Make sure you get to Tio Bob's. Lunch on the top of the mountain offering spectacular views of the resort.


  • The skiing is great, the resort is filled with open flowing runs. The most enjoyable aspect are the off-piste powder hunting, easily accessed by screeing from the lifts. The Roca Jack, Condor and one new one the name escapes me are the world's only sling shot lifts (aka va et vient). It's not a regular chair lift, it actually looks like a giant slingshot. There are runs for beginners and pros alike, but timorous intermediates may find they spend more time in the bar and restaurant than on the relatively few slopes that are prepared for their ilk. Incidentally the word "queue" doesn't exist hereabouts.
  • Backcountry skiing and snowboarding is very possible. You'll find great open powder slopes right by the road. Competition from other backcountry hikers is non-existent. Bring appropriate avalanche rescue equipment. Beware that most of the runs is concave and gets very steep at the top. Be careful. You can supposedly check conditions with the resort before setting out. They operate heli-skiing.
  • Pool bathing. There is an outdoor pool in the resort. It is heated through the mountains own geo-thermal heat, and it's a relaxing alternative to skiing. And was populated by the boys and girls of MTV Brasil on my last visit. Not exactly relaxing, but definitely an alternative to "feeling the powder of the Andes".
  • Helicopter sightseeing seeing the altimeter in 5 digits when you are still on the ground sets the tone nicely and Aconcagua close-up is quite something.

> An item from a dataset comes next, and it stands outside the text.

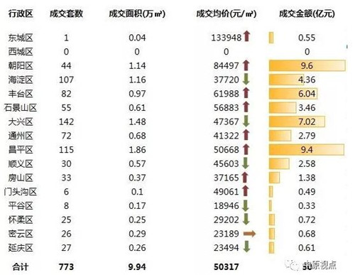 来自北京中原的统计数据显示,上周除通州、门头沟2区域成交额环比平稳外,朝阳、海淀、石景山、大兴、顺义、延庆等6区域成交额环比前一周上涨,包括丰台、昌平、房山、平谷、怀柔、密云等城区成交额环比下挫。

Cigarettes before you get here, if they close the road due to snow you may find smokes get rationed, having a supply of your own will (1) keep you sane if you are fond of the evil weed, and (2) make you extremely popular in the bar and club.


  • Hotel Portillo is all-inclusive with food and non-alcoholic drinks. The meals are spectacular and the attention to detail reflect the amount you pay. They offer four meals a day and give you one free lunch at Tio Bobs where you can try their Parillada. Service is efficient to the point of comicality: they'll get you through 3 courses in 40 minutes.
  • The closest supermarkets are in Los Andes. Stock up here if self-catering. The minimarkets and Copec service station halfway sell snacks for double the price in Los Andes.
  • 1 Tio Bobs (top of the Plateau ski lift). Mountain restaurant



Don't leave Portillo with out having quite a few Pisco Sours. It's a Chilean speciality and the mascot of the mountain. It's made from grapes along the lines of Brandy. There is a bar in the hotel.

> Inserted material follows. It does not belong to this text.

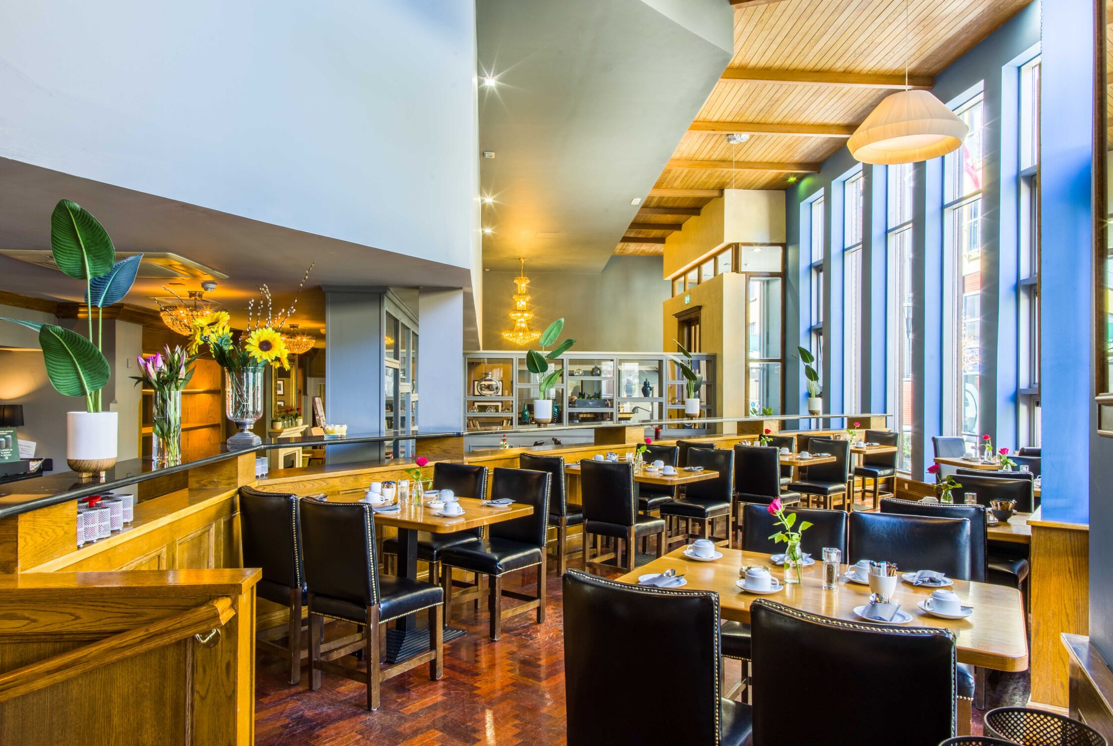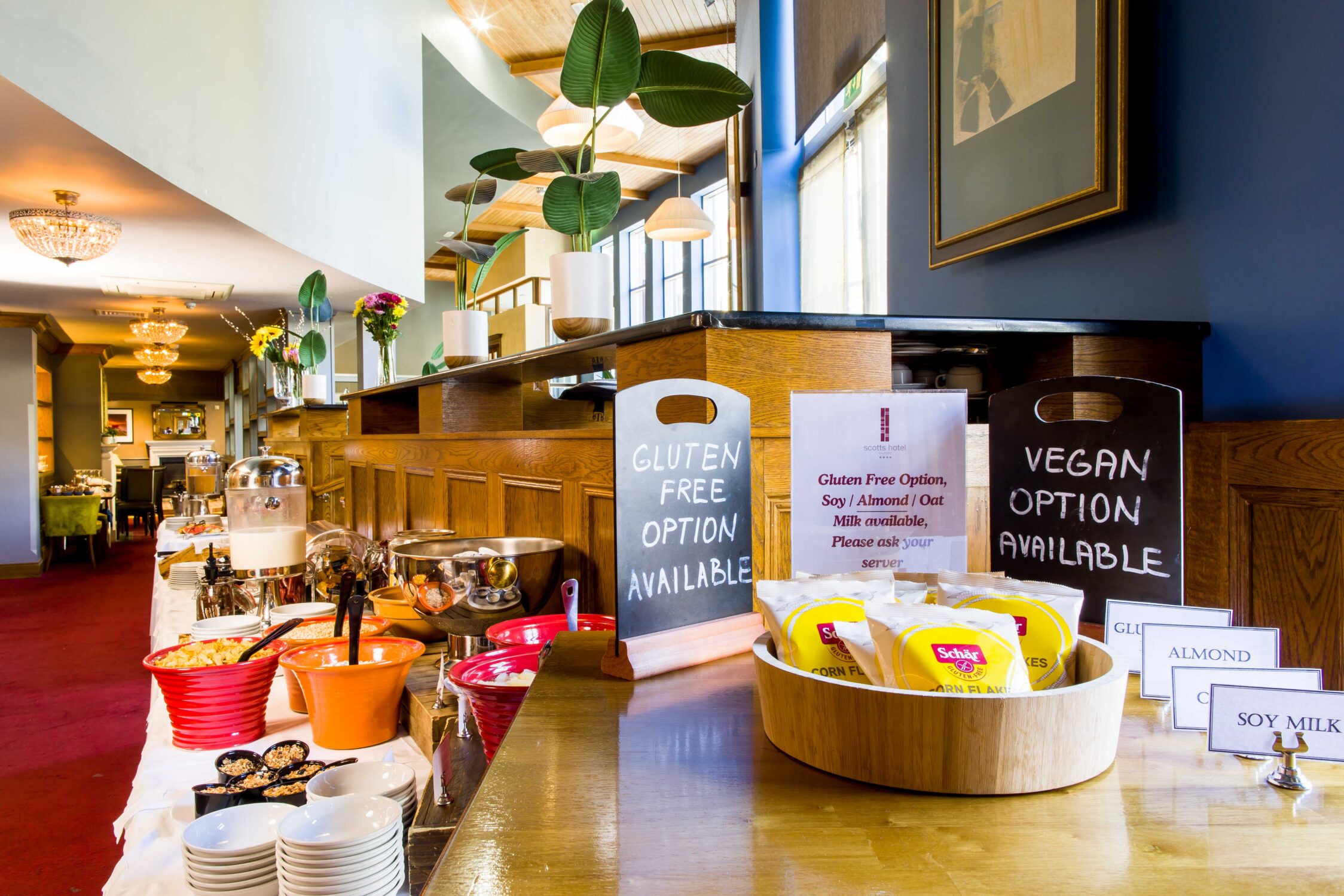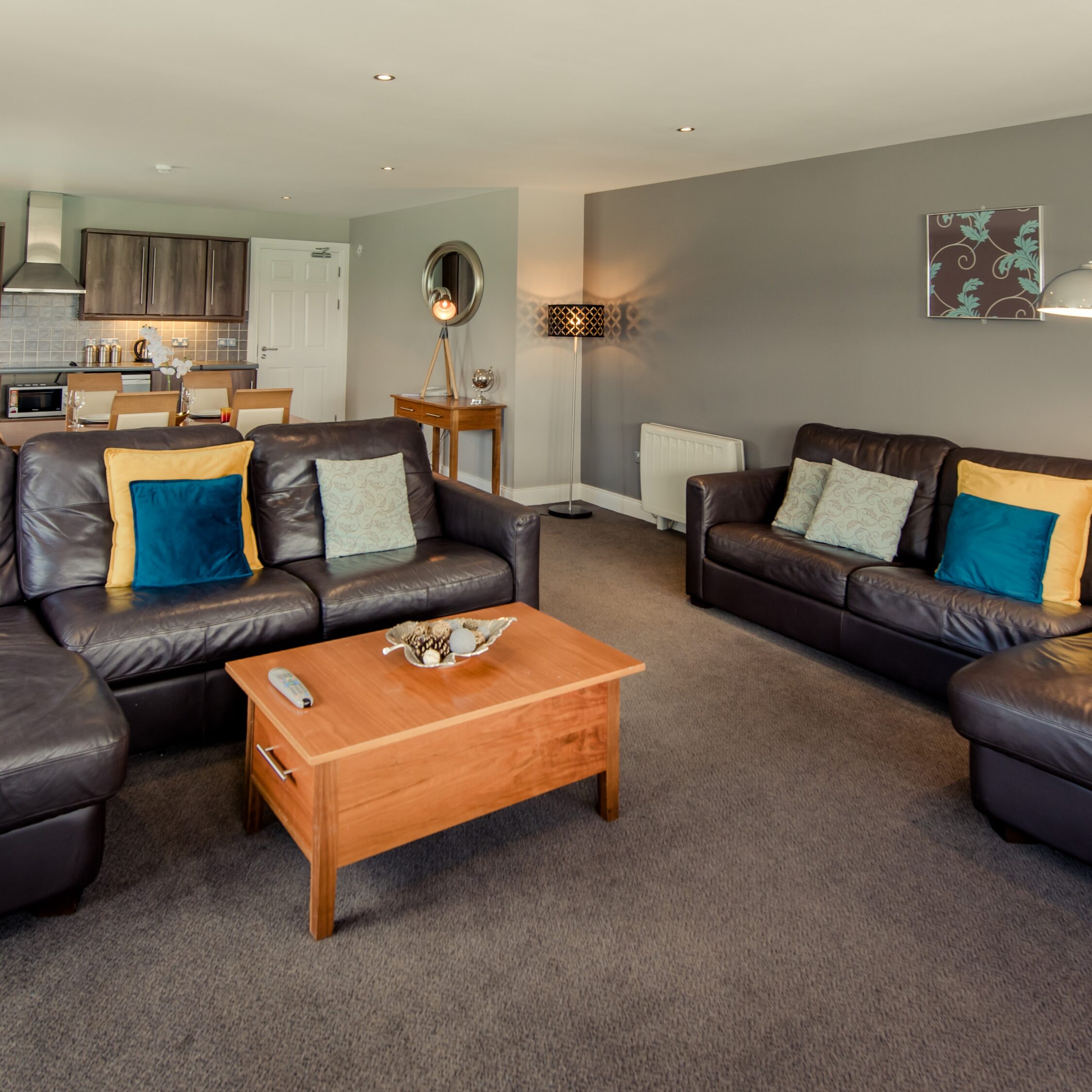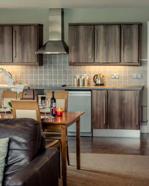 Modern kitchen lounge area in Scotts Hotel Killarney with dining table and stylish decor.

The Posada is the spot where all the locals hang out. It's right outside the hotel and half the price. Gets busy after midnight when the workers get off for the night.




  • 1 Hotel Portillo. It is the only hotel in the resort. You can stay at the deluxe hotel or the hostel.



There is no organized camping close to the slopes. When going backcountry you'll find most flat spaces along the noisy road. Toilets are available in the hotel for non-guests. Bring warm sleeping gear in winter.

Go next


If you've got the wonga and the weather's right for it, take the helicopter transfer. Just don't touch the quick release door lever.